Given a ring $R$(with or without $1$,may or may not be commutative), $R$ is also an $R-$module. Let $\phi_{ring}\colon R \to R $ be a ring homomorphism and $\phi_{module} \colon R \to R$ be a left $R-$module homomorphism. When(if ever) is $\phi_{ring} = \phi_{module}$.
If ring has a $1$, then $\phi_{ring}(x \times 1)=\phi_{ring}(x) \times \phi_{ring}(1)=\phi_{ring}(x)$ and $\phi_{module}(x\times 1)=x \times \phi_{module}(1)$ .If $\phi_{ring}(x)=x$ and $\phi_{module}(1)=1$,then $\phi_{ring}=\phi_{module}.$
What if the ring does not have $1$.
Of course, the identity mapping on the ring is always a ring and module homomorphism.

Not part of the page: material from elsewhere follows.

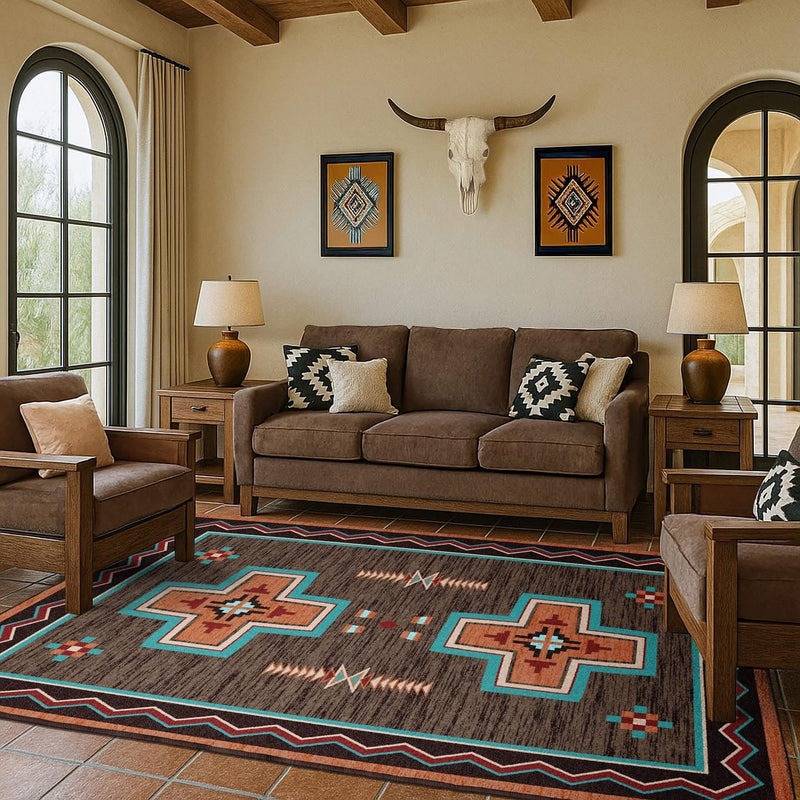 The Crusade brown & turquoise area RUG

Given a left $R$-linear ring homomorphism $\phi:R\to R$, it would have to satisfy $\phi(a)\phi(b)=a\phi(b)$ for all $a,b\in R$.
If there exists even just one $b\in R$ such that $\phi(b)$ is left regular (meaning it is not a right zero divisor) then from $(\phi(a)-a)\phi(b)=0$ we can conclude that $\phi(a)=a$ for all $a\in R$.
If $R$ is full of zero divisors, then other such maps are possible. To name an extreme case, if $R$ is any ring such that $R\cdot R=\{0\}$, then every additive group homomorphism $\phi:R\to R$ is a left $R$-linear ring homomorphism.